Evolution of Cybersecurity

Editorial
November 30, 2017

Editor’s note: This story was originally featured in the November issue of DS News, out now.

Long before Darwin’s theories and his book Origin of the Species was released, humans realized that the key to survival was adaptation. When the environment changed, those who were able to change along with it survived, those who were not perished. In today’s age of electronic communication, virtual meetings, cyber wallets, and cyber terrorism, the validity of the statement is acknowledged, and the realization that companies need to be more vigilant protecting their electronic environments. Those companies in high-profile industries such as finance, aerospace, military, and others–including housing and mortgage servicing—need to be more aggressive as the risks are generally higher when handling and storing confidential data.
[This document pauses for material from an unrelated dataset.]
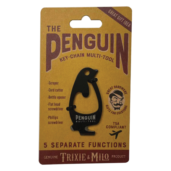 The penguin bottle opener and multi-tool. It has what you need for those common day-to-day jobs and is small enough to have with you wherever you go. Keep it on your keychain, in your wallet or in your glove compartment.

Cryptography Has a Limited Lifecycle

Given the massive data breach Equifax experienced recently, implementing encryption algorithms—or the process of transforming plain text into encrypted text for the purpose of securing electronic data when it is transported over networks—based on the lowest strength encryption that has not yet been exploited may not be the wisest course of action. It does not make sense to base security protocols on the lowest level of Federal Information Processing Standards (FIPS). If companies are adopting new controls based on today’s industry encryption standards, they should have a valid reason for doing so, and understand the implications of that decision. After all, the time involved in the decision-making process can be quite extensive. There is research that takes place to evaluate the issue, requirements and design, RFPs, testing, implementation, and more. This can be a costly process and companies should not exhaust all the time and resources necessary only to adopt algorithms that are here for a short period. They should be implementing protocols that will not be deprecated for at least the next eight to 10 years. This is one of the reasons why certifying authorities such as Verisign, Thawte, and others limit the number of years users may purchase a website certificate. Major institutions may only implement certificates whose expiration date is two years or less.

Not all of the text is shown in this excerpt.